VK_EXT_shader_module_identifier.proposal

This extension adds functionality to avoid having to pass down complete SPIR-V to shaders in situations where we speculate that an implementation already has a pipeline blob in cache and conversion to SPIR-V is not needed to begin with.

Problem Statement

In some applications, SPIR-V is generated on-the-fly, usually by translating from some other representation. API translation libraries and emulators in particular frequently run into these problems.

In such applications, the overhead required to obtain valid SPIR-V before any pipeline creation call can be problematic. Especially in graphics API translation layering efforts, applications expect that compilation with hot caches is "instant", as that is how a native driver would behave. Translating to SPIR-V can therefore become a performance problem. There are two common problems:

Applications compile PSOs late → stutter! → but we are expected to mitigate
Applications compile a lot of PSOs early → good! but can lead to excessive load times even on subsequent runs of application

For translation layers, there are currently two options we can consider to mitigate the issue:

Optimize the translation
Cache converted SPIR-V on disk

Neither option may be good enough. Disk requirements for large application caches can be impractical on some platforms, since we might end up having to store in the order of 100k SPIR-V modules, easily in the gigabyte range. Optimizing the translation might not be enough when faced with tens of thousand pipelines being compiled at once.

Solution Space

The solution this extension addresses is the minimum viable approach to fix the problem. The main idea is that when pipeline caches are primed, SPIR-V modules are largely useless, since most implementations are likely to only hash, and never look at the SPIR-V again. We can just hand back the hash to the implementation instead.

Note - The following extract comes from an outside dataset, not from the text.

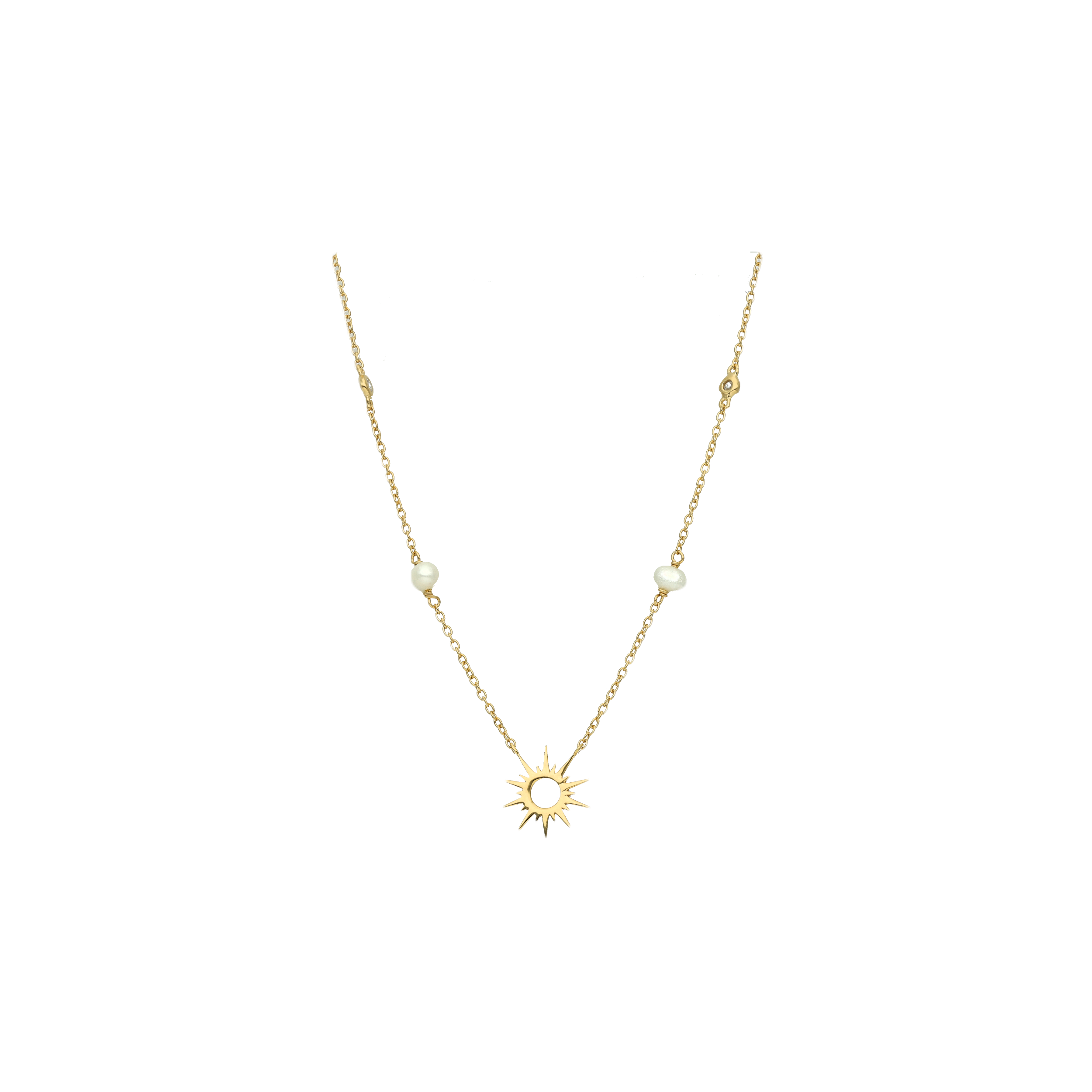 Sublimez votre tenue avec le collier argent doré soleil perles blanches

The extension is designed to work on top of VK_EXT_pipeline_creation_cache_control. We can reuse the main idea of a "non-blocking" compile where we return early if pipeline compilation is required, and the translation layer can build SPIR-V as needed. Next time, we are likely to hit in cache.

An important consideration here is that this solution is intended to aid internal implementation caching, i.e. a "magic disk cache", which most desktop implementations of graphics APIs are expected to have.

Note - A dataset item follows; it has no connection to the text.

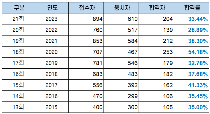 | 구분 | 연도 | 접수자 | 응시자 | 합격자 | 합격률 |

For explicit application side caching mechanisms, larger cache sizes are reasonable and expected, but we are more constrained with internal caches. These should be as lean and mean as possible, but internal caches are also more "fuzzy" in nature. Spurious failure is okay, a "best effort" approach is suitable for this use case.

One could extend this idea to full PSO keys as well, but that is better left to other proposals.

Example use case

One scenario where this extension has been found to be particularly useful is D3D12 to Vulkan translation. The translation layers need to translate DXBC and DXIL code to SPIR-V, which is then translated to GPU ISA. SPIR-V to ISA translation is cached by Vulkan pipeline caches or in-driver caches, but the DXBC/DXIL → SPIR-V cache is not covered by the API.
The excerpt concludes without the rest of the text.